EGU25-14778, updated on 15 Mar 2025
https://doi.org/10.5194/egusphere-egu25-14778
EGU General Assembly 2025
© Author(s) 2025. This work is distributed under
the Creative Commons Attribution 4.0 License.
PICO | Tuesday, 29 Apr, 08:42–08:44 (CEST)
 
PICO spot 1, PICO1.7
Daycent model performance to simulate yield and soil carbon across diverse soil management practices in several long-term experiments
Abiola Saliu1, Florent Levavasseur2, Genis Simon-Miquel3, Marcel van der Heijden4, Moritz Reckling3, Raphaël Wittwer4, and Magdalena Necpalova1
Abiola Saliu et al.
  • 1School of Agriculture and Food Science, University College Dublin, Dublin, Ireland (magdalena.necpalova@ucd.ie)
  • 2INRAE UMR ECOSYS, Avenue Lucien Bretignières, 78850 Thiverval-Grignon, France (florent.levavasseur@inrae.fr)
  • 3Leibniz Centre for Agricultural Landscape Research (ZALF), Müncheberg, Germany (moritz.reckling@zalf.de)
  • 4Agroscope Research Division, Agroecology and Environment, Reckenholzstrasse 191, 8046 Zurich, Switzerland (raphael.wittwer@agroscope.admin.ch)

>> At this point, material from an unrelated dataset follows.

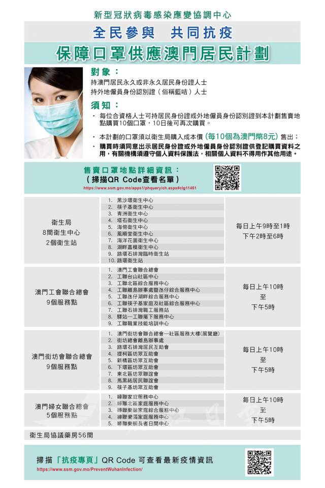 新型冠狀病毒感染應變協調中心公佈第八輪保障口罩供應澳門居民計劃於明 2日開始特區政府保證口罩供應充足市民在第八輪計劃期間的任何時間都 可購買到口罩呼籲市民根據自己需要和口罩剩餘數量安排時間購買口罩毋需急 於首兩日前往購買可選擇在售賣期較後時間購買以. 應變協調中心表示明天開始將推出第八輪保障口罩計劃執行方式售賣點及售賣時間等與過往相同有84個售賣點三週歲至八週歲的兒童可購買5個兒童口罩和5個成人口罩 呼籲市民根據自己的需要和口罩的剩餘量去購買口罩市民亦毋需急於首幾天前往購買避免出現人群聚集或輪候時間過.
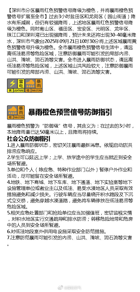 过去3小时盐田区和龙岗区(园山街道)降水有所减弱,但仍有较强降雨,上述地区暴雨红色预警信号降级为橙色。同时南山区、福田区、宝安区、光明区、龙华区、珠江口和深圳湾已出现强降雨,预计未来还将出现30-40毫米降水,深圳市气象台2025年09月21日10时30分将上述区域暴雨黄色预警信号升级为橙色。全市暴雨橙色预警信号生效中,请远离低洼易涝等危险区域,注意防御暴雨可能引发的局部内涝、山洪、滑坡、泥石流等灾害。全市进入暴雨防御状态,请远离低洼易涝等危险区域,上述区域山洪风险较大,注意防御暴雨可能引发的局部内涝、山洪、滑坡、泥石流等灾害。

Agricultural systems are a major source of greenhouse gas emissions, contributing significantly to global climate change. As the demand for food increases, there is a need to identify sustainable soil management practices that minimize environmental impacts while maintaining or enhancing crop productivity. The Daycent model is a useful tool for simulating ecosystem responses to changes in soil management and climate change. In this study, we calibrated Daycent using yield and soil carbon data collected from five long-term ongoing experiments (PROspective and QualiAgro sites in France, V4 and V140 in Germany, FAST in Switzerland) involving various soil management practices and covering different pedoclimatic conditions across Europe, with the aim of upscaling the impacts of these practices. The treatments in these experiments include conventional to reduced tillage, addition of organic and mineral fertilizers, and the use of cover crops. Data from each experiment was split by treatment into two parts, the calibration dataset and the validation dataset. The Daycent model performance to simulate yield and soil carbon was evaluated by comparing simulated data with measured data using statistical indicators, e.g., rRMSE and R2. Calibration dataset allowed for adjusting relevant parameters according to the calibration protocol. In model evaluation against the validation dataset across all sites, rRMSE ranged from 0.29 to 0.60 for yields, and from 0.03 to 0.14 for soil organic carbon stock. The R2 values indicate that the Daycent model predicted 84% and 99% of the measured variability in yields and soil carbon stock, respectively across the sites, which implies that the model was able to capture the overall variability due to management and pedoclimatic conditions. This study demonstrates that the Daycent model can simulate yields and soil organic carbon in long-term field experiments with diverse soil management practices across different pedo-climatic conditions and can be used for the upscaling of these practices to the regional scale. However, the model needs to be further calibrated to effectively simulate yields across these sites to avoid under- or over-estimation. This research is a part of ClimateCropping project developed in the framework of the EJP for SOIL “Towards climate-smart sustainable management of agricultural soils” funded by the European Union Horizon 2020 research and innovation programme.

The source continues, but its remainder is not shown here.